Archive for the ‘Fundraising’ Category

Service of Sloppy Fundraising

Monday, October 9th, 2023

“Sloppy fundraising.”

Those were the words of a friend, who once worked for a charity, when I told her about the huge package of swag that arrived in my mailbox containing socks, a stack of Christmas cards, pens, address labels and other stickers as well as a calendar. I’d never given $1 to this charity which has a good reputation and has been in business for ages. She added, “if they are going to be so careless with their marketing dollars, they aren’t an appropriate place to support.”

What were they thinking?

Here’s a guess why this largesse happened. Previously I’ve only attracted a very occasional calendar and more often notecards, a little notepad and/or address labels. Earlier this year I’d given much more than I normally do to a charity. It was a one-time thing for a specific reason. If this charity sold my name to other charities as someone with deep pockets, shame on them.

Here are other examples of careless fundraising marketing. My friend mentioned that her dad had asked a prominent charity to stop sending mail and requests for money to her deceased mom. They didn’t heed his request, so he stopped sending checks.

My mom had a similar thing happen. Dad had donated to a nonprofit religiously, and she promised that she would continue to do so in his name but, she asked several times–both on the phone and in writing–would they please exchange her name for his. They never did.

A friend launched a fund in his deceased wife’s name. He hit the ceiling when the phone would ring at dinnertime with the caller treating him as she would any cold call prospect. He was irritated that names of substantial donors such as he had been for years weren’t scrubbed from all the organization’s other fundraising lists.

I just received a request to attend an annual fund reception to honor the organization’s donors.
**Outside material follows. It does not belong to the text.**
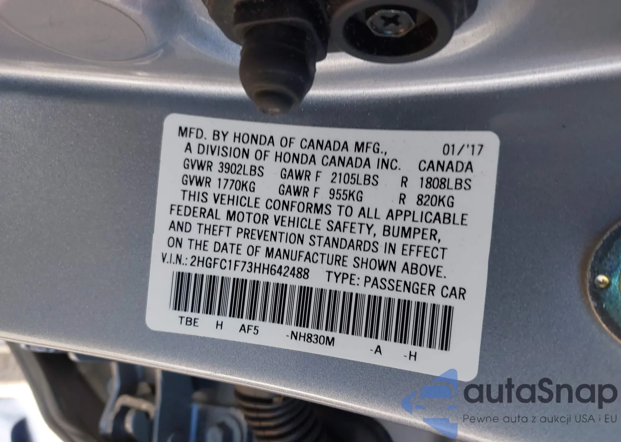 LOT: 42945624 VIN: 2HGFC1F73HH642488
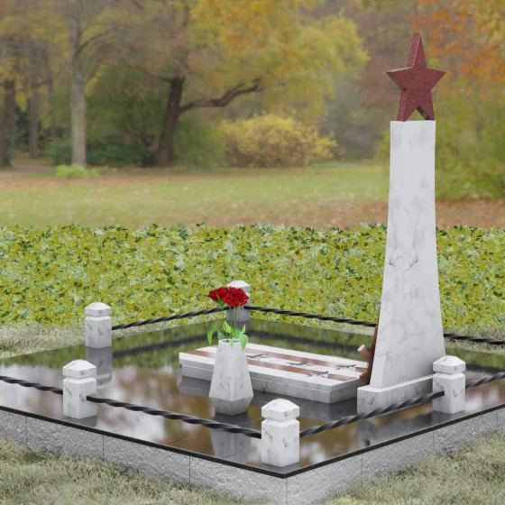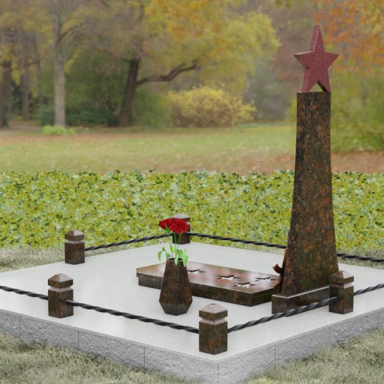 Мемориальный комплекс под артикулом 190 — это воплощение мужества, дисциплины и вечной памяти о человеке, чья жизнь была неразрывно связана с воинским долгом. Центральное место в композиции занимает высокая вертикальная стела, имеющая строгую, сужающуюся кверху геометрию. Такая форма выбрана неслучайно: она создает мощную визуальную вертикаль, направляющую взгляд зрителя ввысь, символизируя духовное восхождение и бессмертие подвига. Венчает монумент объемная пятиконечная звезда насыщенного красного цвета — символ чести и принадлежности к офицерскому корпусу. Одной из самых значимых и уникальных деталей данной модели является реалистично выполненная объемная фигура автомата Калашникова, прислоненного к боковой грани стелы. Этот элемент резьбы выполнен с безупречной точностью, подчеркивая профессиональный путь усопшего. Надгробие из натурального камня в таком исполнении выглядит величественно и бескомпромиссно, заявляя о силе характера того, кому оно посвящено.

It was also addressed to my husband who has been gone four years. The place should have a record of this. Lazy marketing.

Have you noticed sloppy fundraising outreach? Can you share fundraising efforts you admire?

Service of Passing the Buck at a Charity

Monday, March 27th, 2023


Image by Joseph V M from Pixabay

We submitted a large online donation to a major charity that involved sending an email thank you note to the person who made the contribution possible. There was a clearly marked slot for that. I wrote a note and provided the person’s email address.

He never received it.

When I followed up in an email the charity’s rep responded that the note goes out automatically and immediately—which I knew that it did in theory—and that it’s not the charity that does it–their vendor does. Sorry, she wrote, but they couldn’t retrieve the note.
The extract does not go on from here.